Exercise details:
Output only the lines that run from the line holding "Craftsman Staple Gun" to the end of the entries, both ends included, and skip the pictures.

[Data extract Boundary: Start]

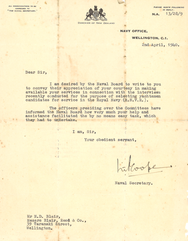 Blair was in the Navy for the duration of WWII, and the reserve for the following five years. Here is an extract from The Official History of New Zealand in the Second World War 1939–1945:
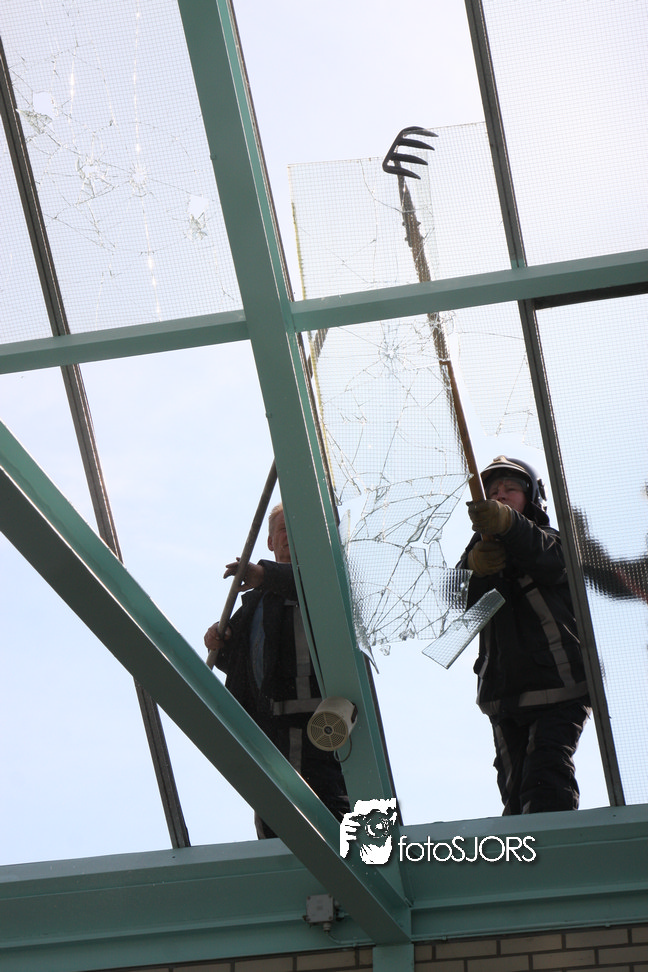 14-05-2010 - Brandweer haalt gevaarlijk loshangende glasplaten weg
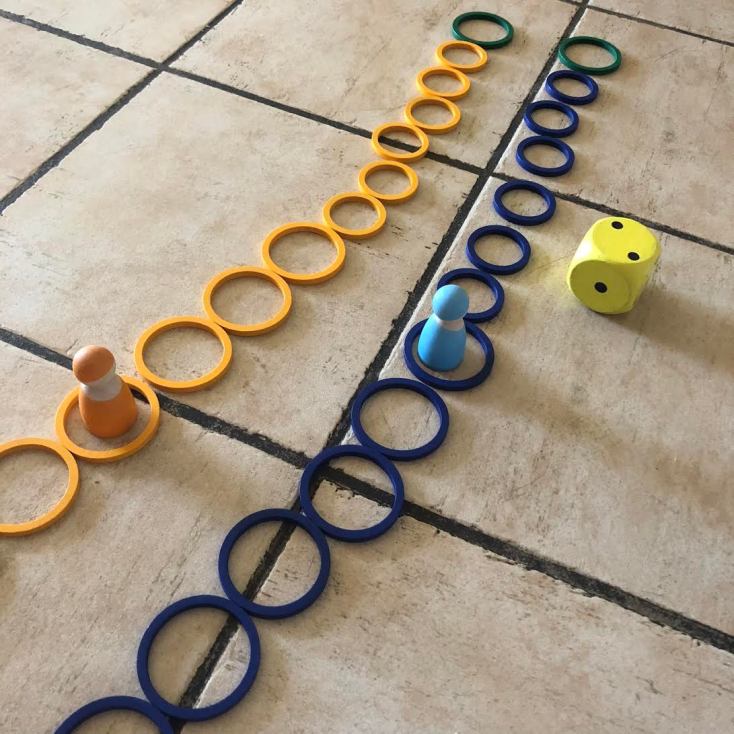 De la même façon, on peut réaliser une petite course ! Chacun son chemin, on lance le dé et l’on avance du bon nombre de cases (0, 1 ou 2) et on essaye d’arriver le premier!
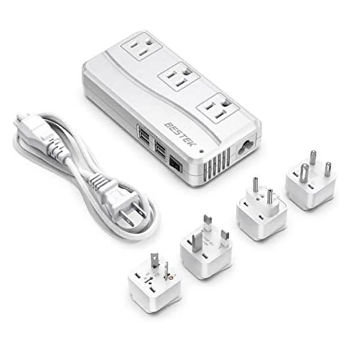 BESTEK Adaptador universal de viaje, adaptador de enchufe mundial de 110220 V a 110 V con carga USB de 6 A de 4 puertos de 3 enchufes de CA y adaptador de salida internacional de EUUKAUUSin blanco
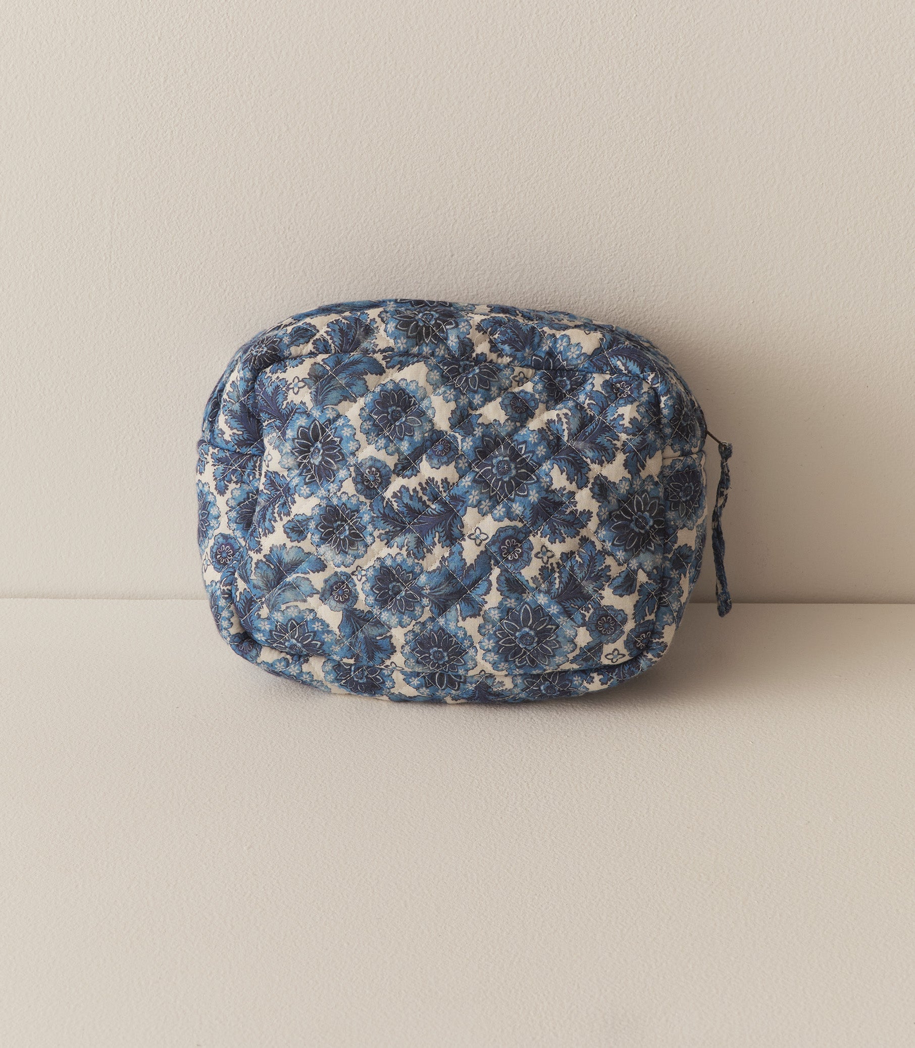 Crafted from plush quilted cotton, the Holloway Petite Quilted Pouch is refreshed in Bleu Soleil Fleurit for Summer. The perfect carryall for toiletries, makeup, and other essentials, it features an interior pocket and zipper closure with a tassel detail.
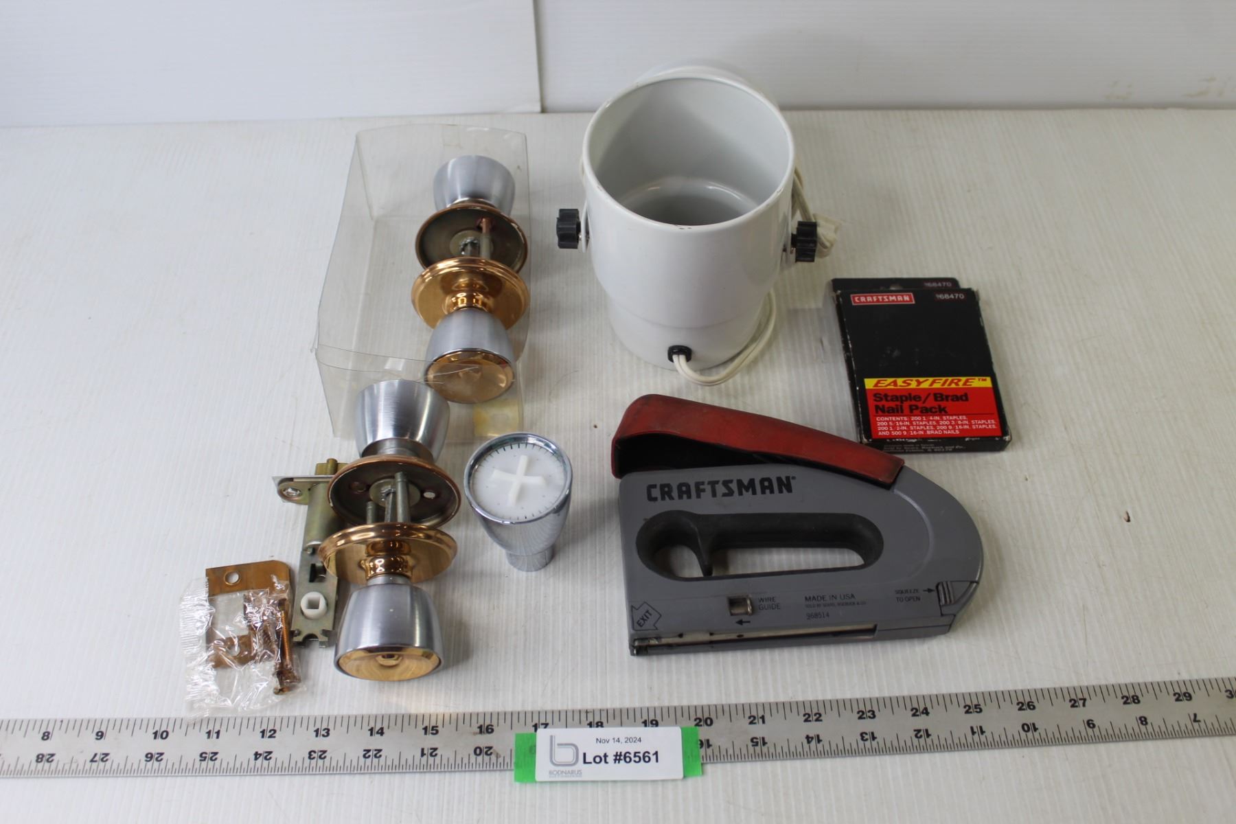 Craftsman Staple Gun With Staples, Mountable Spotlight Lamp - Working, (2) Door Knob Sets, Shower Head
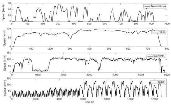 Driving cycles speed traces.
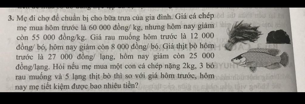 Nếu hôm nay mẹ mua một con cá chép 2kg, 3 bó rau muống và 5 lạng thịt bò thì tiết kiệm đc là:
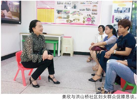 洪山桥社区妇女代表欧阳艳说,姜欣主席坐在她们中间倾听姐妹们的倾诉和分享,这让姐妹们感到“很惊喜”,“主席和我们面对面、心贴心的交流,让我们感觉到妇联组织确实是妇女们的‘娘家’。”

[Data extract Boundary: End]

Exercise result:
 Craftsman Staple Gun With Staples, Mountable Spotlight Lamp - Working, (2) Door Knob Sets, Shower Head
 Driving cycles speed traces.
 Nếu hôm nay mẹ mua một con cá chép 2kg, 3 bó rau muống và 5 lạng thịt bò thì tiết kiệm đc là:
 洪山桥社区妇女代表欧阳艳说,姜欣主席坐在她们中间倾听姐妹们的倾诉和分享,这让姐妹们感到“很惊喜”,“主席和我们面对面、心贴心的交流,让我们感觉到妇联组织确实是妇女们的‘娘家’。”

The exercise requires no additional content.